Two Very Different Neighbours

By:  Rachel Marsden

On the 4th of July, a crowd of thousands gathered on Brooklyn's Coney Island to watch people stuff as many hotdogs down their throats as possible in five minutes.

Eating as a competitive sport, not just a means of survival. ESPN commentators going into detail about the various techniques involved (i.e. "chipmunking") and how these "athletes" control their stomach muscles in order to maximize scarfing.

At that moment, I was acutely reminded that I was not in Canada anymore.

Meanwhile, the U.S. Food and Drug Administration is actually considering a request by "big candy" (again, only in the U.S.) to allow actual chocolate to be omitted from chocolate and replaced with flavoured veggie oils.

And people wonder why they gain weight just from eating normally. It's because you're pretty much eating plastic. Canadians are tolerant, but draw the line at our snacks becoming a stunt double for Lego.

I learned another lesson about the difference between the two cultures when I appeared on a TV show with presidential candidate, Congressman Dennis Kucinich.

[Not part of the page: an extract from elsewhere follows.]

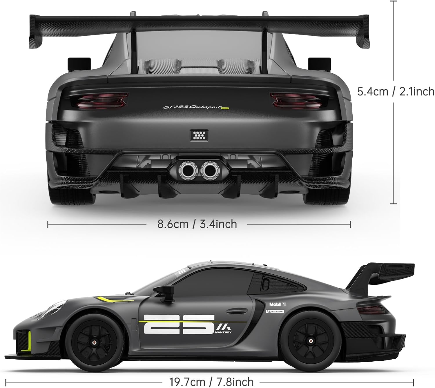 RASTAR Porsche 911 GT2 RS Model Car, 1:24 Scale RC Porsche 911 GT2 RS Clubsport 25 Remote Control Car for for Kids Adults, RC Sports Supercar Grey

After allowing Kucinich to speak virtually unchallenged for several minutes, the host then said that Kucinich had one more minute before the commercial break.

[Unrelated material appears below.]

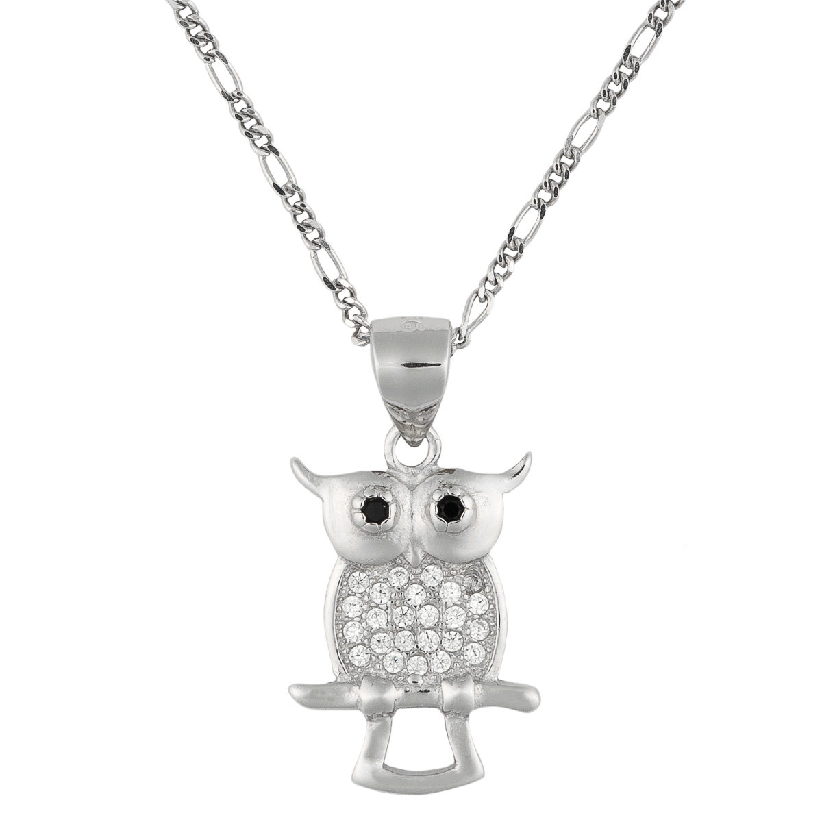 Vorhersehung, Weisheit und Intelligenz stehen symbolisch für die Eule. Hier als liebevoll gestalteter 925 Silberanhänger mit 47 cm langen Figarokette. Funkelnde Zirkonia schmücken den niedlichen Anhänger gekonnt. Den perfekten Blick erhält die Eule durch 2 schwarze Schmucksteine. Ein toller Begleiter für jeden Tag. Schön zum verschenken oder sich selber schenken!

Ever the seasoned pro, Kucinich used the opportunity to machine gun the rest of his liberal talking points. With a few seconds left, I said that I loved how he waited until the last minute, when he couldn't be challenged, to spew all his crap.

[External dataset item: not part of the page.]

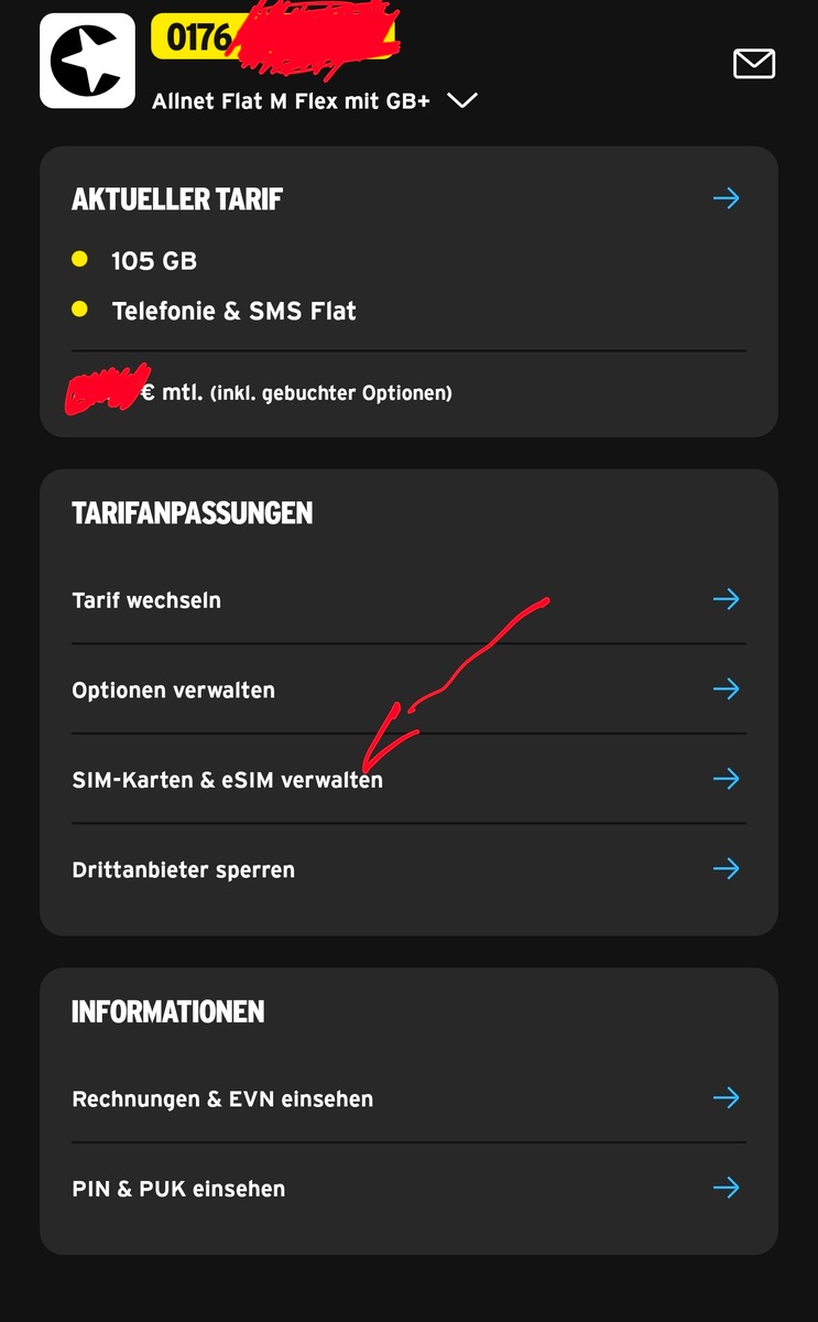 Ich habe die neueste Version der App, habe mich aus dem System abgemeldet und wieder angemeldet. Es ist immer noch dasselbe. Absurd. Außerdem habe ich auch keine Option, eine eSIM zu bestellen.

Apparently, people here just don't talk that way to politicians.

Growing up in the birthplace of talk radio (Vancouver, B.C.), I'm used to talk show hosts throwing their curve balls hard and fast, and publicly calling out politicians on their spin, rather than just doing it behind their back. The politicians always return for more because there's pride in surviving a grilling. And it's exciting, compelling entertainment.

This approach reflects the fact that, unlike in the US, even Canada’s Prime Minister has to stand in the House of Commons every day and personally respond to flying questions and accusations from the people.

Despite working in U.S. politics and media for most of my adult life and having more knowledge of and love for America than many of its citizens, there's one question that I'm often asked: "As a Canadian, what qualifies you to talk about U.S. politics?"

As a Canadian, I was unfortunately unable to personally attend every event in American politics since the Civil War. Since I was born a few miles north of the Canada/U.S. border, I had to learn about and witness them through books and media -- apparently, unlike my American counterparts.

In my hometown, the two main news anchors were English and American, and the top talk radio host was a Scotsman. No one thought twice about it. Maybe it's because in Canada, we know our politicians are idiots who don't have all the answers.

Heaven forbid that an entrepreneur with international experience and a global perspective wants to come to the U.S., pay taxes, and reinvigorate the national debate. Apparently in this industry, those types of people are only allowed to sign our cheques.

Nowadays, even if the U.S. government certifies someone as one of the top political commentators in the world, you're more likely to end up talking about Britney Spears' crotch. If the winning strategy for the war on terror was in there, you can bet we'd have it by now.